На обратном пути с «Суивира» у Томаса было время подумать. Перед катером блистало нагромождение группы скал, небо рядом с ним было истыкано неправильными формами обитаемых баз, складов и звездолетов. В Межвахтье не было заметно перемещение людей. Даже команды Чиви были не видны – наверное, работали на теневой стороне. Далеко за алмазными горами в великолепном одиночестве плавала Арахна. Над великим океаном ее парили пятна облаков. На голубом фоне выделялась зона тропической конвергенции. Все больше и больше мир пауков казался архетипом Матери-Земли, планетой одна на тысячу, где может высадиться и жить род людской. И еще лет тридцать она будет выглядеть как рай – пока снова ее солнце не погаснет.
А к тому времени она будет принадлежать нам.
И вот несколько сот секунд назад он еще чуть повысил вероятность окончательного успеха. Он разрешил загадку и снял ненужный риск. Губы Томаса Нау дернулись в несчастливой улыбке. Ритцер очень ошибался, думая, что легко быть старшим племянником Алана Нау. Да, Алан Нау благоволил к Томасу. Не вызывало сомнений, что Томас продолжит линию господства Нау среди эмергентов. Это тоже было частью проблемы, поскольку таким образом Томас становился серьезной угрозой для старших Нау. Наследование – даже в семьях предводителей – определялось, как правило, убийствами. Да только Алан Нау был поумнее. Он действительно хотел, чтобы его племянник продолжил линию – но лишь когда Алан проживет и провластвует столько, сколько отмерено естественным сроком его жизни. Поручение Томасу Нау командования экспедицией к Мигающей было поступком государственной мудрости, спасающим и правителя, и несомненного наследника. Томас Нау сойдет с подмостков театра планеты на двести с лишним лет. Когда он вернется, у него хватит ресурсов продолжить правление семьи Нау.

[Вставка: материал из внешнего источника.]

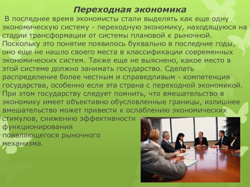 В последнее время экономисты стали выделять как еще одну экономическую систему - переходную экономику, находящуюся на стадии трансформации от системы плановой к рыночной. Поскольку это понятие появилось буквально в последние годы, оно еще не нашло своего места в классификации современных экономических систем. Также еще не выяснено, какое место в этой системе должно занимать государство. Сделать распределение более честным и справедливым - компетенция государства, особенно если эта страна с переходной экономикой. При этом государству следует помнить, что вмешательство в экономику имеет объективно обусловленные границы, излишнее вмешательство может привести к ослаблению экономических стимулов, снижению эффективности

Томас Нау часто задумывался, а не было ли включение в экспедицию Ритцера Брюгеля тонким актом саботажа. Дома этот тип казался вполне подходящим на должность вице-предводителя. Он был молод и уже отличился хорошей работой на зачистке Верфей Лорбиты. Принадлежал к френкийской породе; его родители были первыми, которые поддержали вторжение Алана Нау. Эмергенция всегда пыталась, насколько это возможно, переделать каждое новое завоевание по тем выкройкам, по которым преобразовали Балакрею в Чумные Годы: мегасмерти, мозговая гниль, создание нового класса предводителей. Юный Ритцер подходил под все требования Нового Порядка.

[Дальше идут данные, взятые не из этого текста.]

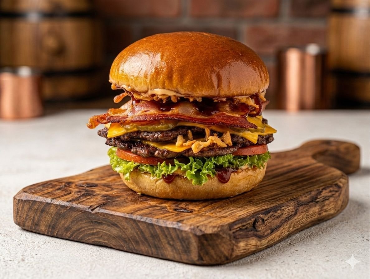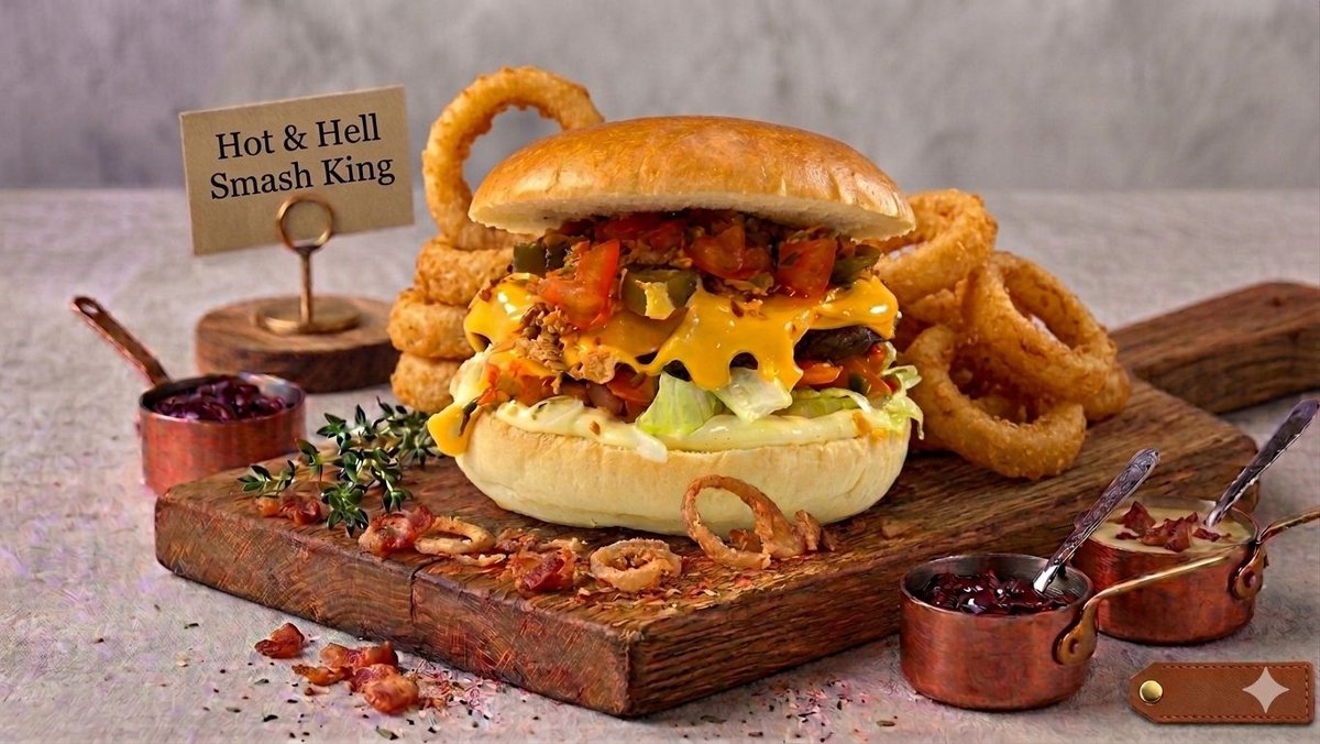 Máslová bulka, porce vyzrálého hovězího masa s Iberijským špekem, jalapeño papričky, plátek irského chedaru, pikantní rajčatová salsa, smažená cibulka, pikantní majonéza.

Но с самого начала Изгнания он стал черт его знает какой обузой: беспечный, неряшливый, почти что наглый. Частично это было связано с ролью Громилы, но Ритцеру даже играть не надо было. Он стал замкнут и сотрудничал очень неохотно. Вывод был очевиден: враги семьи Нау были людьми умными и дальновидными. Возможно, они как-то просунули своего информатора сквозь службу безопасности дяди Алана.

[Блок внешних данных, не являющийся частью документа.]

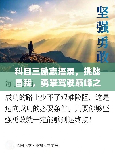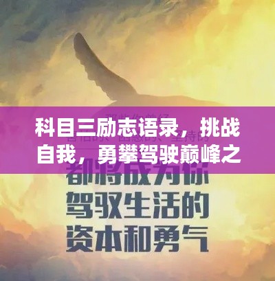 在驾驶学习的旅程中,科目三的挑战常常让人既兴奋又紧张,这不仅是对驾驶技能的考验,更是对意志和毅力的磨砺,面对这一重要阶段,让我们一起用励志语录激励自己,勇往直前,攀登驾驶之路的高峰。

Сегодня загадка и подозрения столкнулись. И ни саботажа, ни даже некомпетентности не обнаружилось. Просто у вице-предводителя были некоторые неудовлетворенные потребности, а он был слишком горд, чтобы о них заявить. Дома, в цивилизации, такие потребности удовлетворялись легко – обычное, хотя и не афишируемое, право, принадлежащее каждому предводителю от рождения. Здесь, вдали от нее, на обломках кораблекрушения… Ритцер действительно встретился с лишениями.
Катер навис над верхними шпилями Хаммерфеста и опустился в тень.
Удовлетворить Брюгеля будет трудно. Придется молодому человеку показать, как он способен себя ограничивать. Томас уже просматривал списки экипажей и зипхедов. Да, это может сработать. И дело того стоит. Ритцер Брюгель – единственный другой предводитель на двадцать световых лет в любую сторону. Представители этого класса бывают друг для друга смертельной угрозой, но между ними есть связь. Каждый из них знает скрытые жесткие стратегии. Каждый из них понимает доблести Эмергенции. Ритцер молод, он все еще растет. Если установить с ним нужные отношения, с прочими проблемами будет справиться легче.
А окончательный успех может быть даже больше, чем он сказал Ритцеру. Может быть больше, чем представлял себе дядя Алан. Даже сам Томас Нау мог бы не заметить этого видения, если бы не первая встреча с коробейниками лицом к лицу.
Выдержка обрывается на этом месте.